Cette ville, qui se compose presque uniquement d’une rue assez large, mais d’une pente rapide, est située dans la position la plus pittoresque ; le voyageur, placé sur une petite terrasse ombragée de beaux arbres qui domine la ville, peut du regard embrasser le lac Léman, Genève et les montagnes de Savoie, couronnées par le mont Blanc. De l’ancienne distribution de Gex, divisé jadis en trois parties du château fort, des couvents, des murailles, il reste à peine quelques vestiges ; l’ouvrage des hommes a péri au milieu de l’éternelle jeunesse des œuvres de Dieu, sans que rien ait pu altérer l’aspect majestueux des cimes verdoyantes du Jura et du mont Saint-Claude, la grâce des rives toujours fleuries du rapide et harmonieux torrent le Jornant.

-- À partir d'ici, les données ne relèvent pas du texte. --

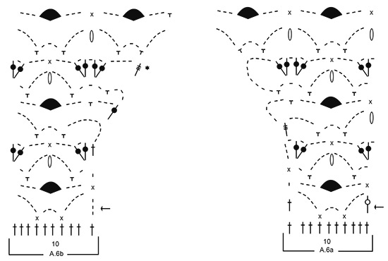 Для всех размеров: после того, как схемы будут провязаны в высоту (помимо схемы А.6а), повторять послед. 4 ряда схем. Петли правого и левого плеч сейчас вязать вместе в 10-ом ряду: вязать 10 ряд по схеме А.6а на петлях правого плеча, набрать новые 18 возд.п. для выреза горловины, вязать 10 ряд по схеме A.6b на петлях левого плеча. Повернуть вязание и выполнить след. ряд (послед. ряд по схемам). Теперь вязать 2 раза по схеме А.7 на петлях воротника. Теперь 14-16-16-18 повторений по схеме А.3 в ширину.

La principale industrie des habitants de Gex consiste dans la fabrication de fromages, façon gruyère, qui rivalisent avec ceux de la Suisse, dans la préparation des cuirs, dans un commerce assez étendu de vins et de charbon.

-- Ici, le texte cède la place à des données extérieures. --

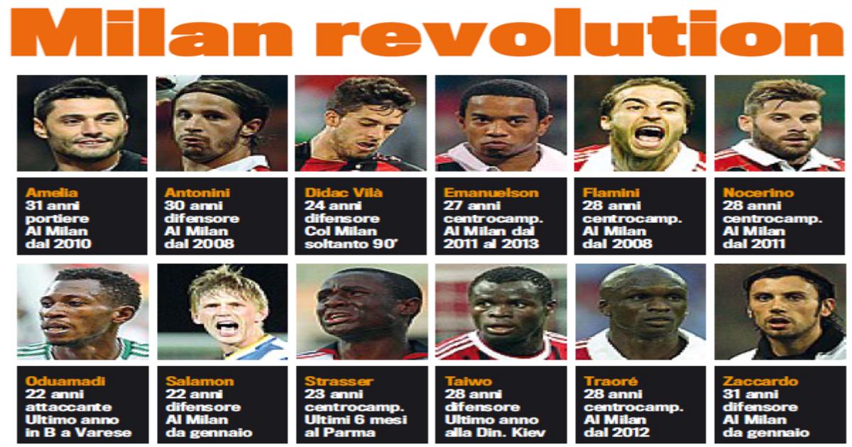 Та команда, что выйдет на поле в предварительных матчах Лиги Чемпионов, будет значительно отличаться от той, что завершала прошлый сезон. Нас ждет маленькая большая революция во всех линиях, и не забываем, что Амброзини и Йепес не продлили контракт, а Бояна не стали выкупать. Движуха, причинами которой являются возврат из аренды, недовольство своим положением или несоответствие проекту , потенциально затрагивает 12 человек.

C’est la patrie du théologien Émery et de M. Girod de l’Ain, député et pair de France sous le roi Louis-Philippe.

Les armes de la ville sont : coupé d’argent et de gueules, à un geai naturel couronné d’une couronne de côté d’or. Alias : d’azur à trois morailles d’or, liées d’argent l’une sur l’autre, au chef de même, chargé d’un lion issant de gueules.